Если вы дадите людям сразу выше, чем они могут принять, то 3 варианта - 1-й - вас распнут как Иисуса, пытавшегося дать выше чем люди могли принять, 2-й ваши храмы будут пусты, 3-й - ваше высшее извратят и сделают из него очередной культ, и вам придется как Будде говорить, что Бога вообще нет.

Еще Иисус говорил об этом
_«Не давайте святыни псам и не бросайте жемчуга вашего перед свиньями, чтобы они не попрали его ногами своими и, обратившись, не растерзали вас»._ 

Поэтому никто никого не эксплуатирует, оставьте, пожалуйста Вашу конспирологию. Если ребенку в детском саду давать высшую математику, это ни к чему не приведет, как вы понимаете. Ему дают то, что он может понять и принять. Но если он хочет и ищет большего, то какие проблемы? Всё это знание доступно. Но не ждите, что оно будет явно напечатано в открытом виде. Вы может быть видите, что и писания напечатаны многими уровнями. Так что же вы хотите, чтобы печатали только для вас лично, исключительно для вашего уровня? Это уже на уровне отношений гуру-ученик.

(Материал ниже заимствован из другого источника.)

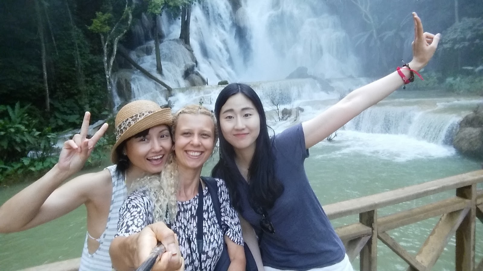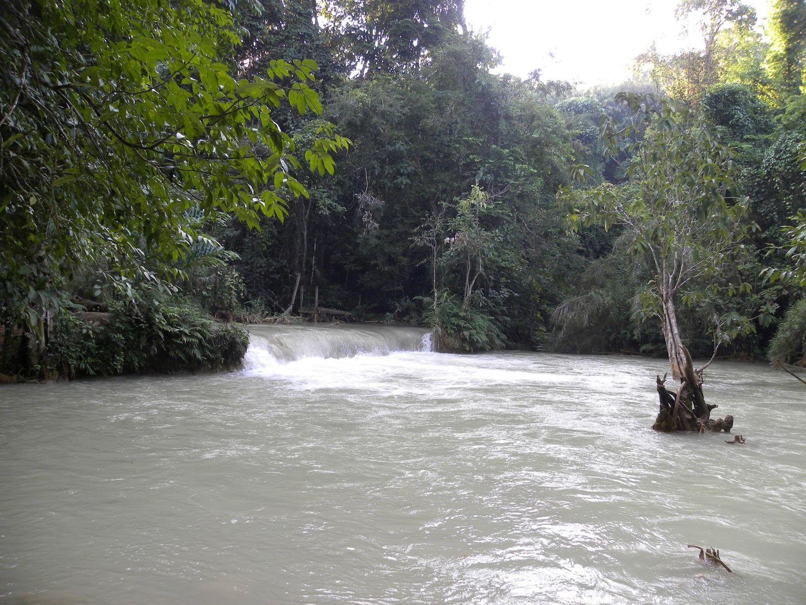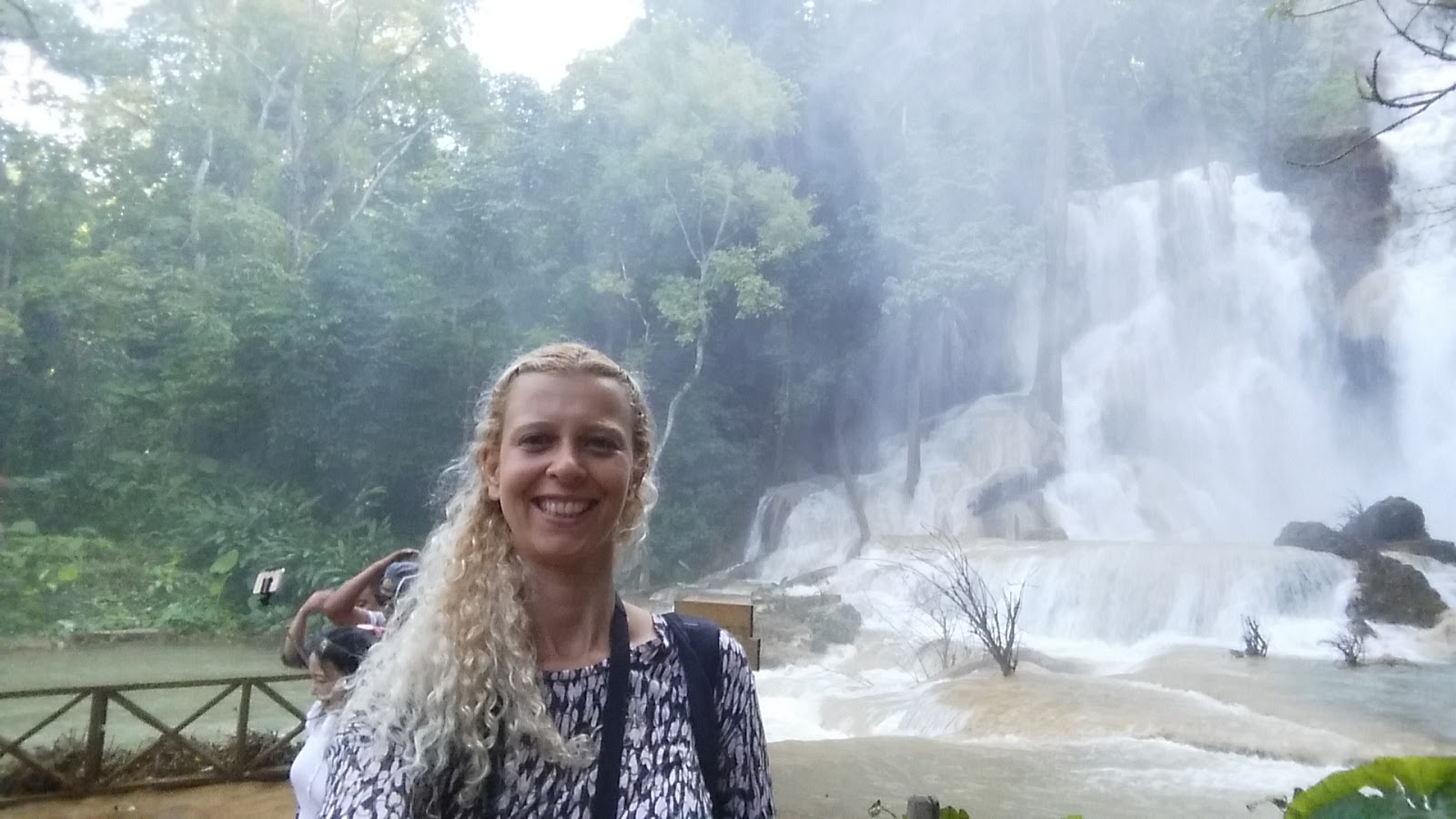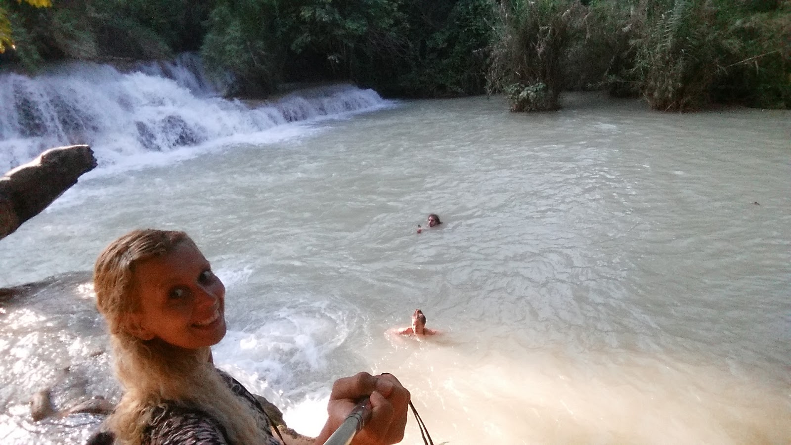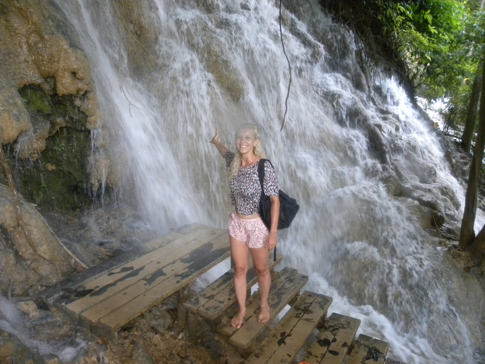 Voltei para o hotel e me arrumei para visitar a “Kuangsi Waterfall“. O gerente do hotel marcou às 14h, o tour custava 16.000 kips. O motorista pega os passageiros no hotel, deixa na entrada do parque e marca um horário de retorno. Olhei para o relógio, que marcava 15h, e ainda não tinha me chamado no quarto. Desci as escadas e o gerente fez uma cara de assustado, pois estava óbvio que tinha esquecido da minha reserva. Pediu pra aguardar e em 20 minutos apareceu uma van, que só tinha um casal dentro. No caminho, entraram duas meninas. A que sentou ao meu lado, a Mimi, era tailandesa e conversamos por todo o percurso.

Предлагаю Вам подумать над такими 4-мя вероятными в Кали-Югу ситуации:
1) Мошенники пришли эксплуатировать праведников. Маловероятно, т.к. странно, что праведники этого не видят, а вот только вы один такой.
2) Мошенники пришли эксплуатировать мошенников. Вероятно. Но зачем вы тогда защищаете одних мошенников от других мошенников? Лидеры соответствуют пастве и паства лидерам.
3) Праведники пришли спасать праведников. Вероятно. Тогда вам лучше помалкивать.
4) Праведники пришли спасать мошенников. Тоже вероятно, но маловероятно что получится, т.к. эта паства такова, что способна принять весьма ограниченное знание, а некоторые из них (не будем указывать пальцем), уже настолько в нетерпении, что спешат распять этих праведников, ну просто от чистого сердца, что и говорить.

В какой ситуации вы себя видите?

И напоследок, побойтесь Бога. Есть цитата в Библии, в Деяниях

_"И ныне, говорю вам, отстаньте от людей сих и оставьте их; ибо если это предприятие и это дело - от человеков, то оно разрушится,
39 а если от Бога, то вы не можете разрушить его; берегитесь, чтобы вам не оказаться и богопротивниками."_

----------


## Kasturika d.d.

> Откройте глаза. Я ответил на многие вопросы выше (6 ответов). Если будете вопрошать в позе прокурора - буду игнорировать.
>  Какие вопросы еще я не заметил? Вот эти :"Эти гнусные намеки к чему? " 
> Спасибо. Я буду изучать этикет в будущем. А цели у нас общие : 7 целей ИСККОН. В том числе и на Форуме.


Нет, у нас с вами не общие цели на форуме, я же читаю ваши посты, вижу ваши цели. Таких парней много было уже на форуме. У них одни и те же темы. Они либо проталкивают тут идеи ритвиков, либо идею, что чистые гуру только в Гаудиа-матхах. Такие люди вскормлены ядом оскорблений наших духовных учителей и не знают книг  Прабхупады. Общение с ними неинтересно и скучно. 
Так что все ваши аргументы давно известны, ничего нового. Понаблюдаю за вашей судьбой на форуме)

----------


## Игорь123

> В третьих ничего нет плохого в истинных религиях.[/I]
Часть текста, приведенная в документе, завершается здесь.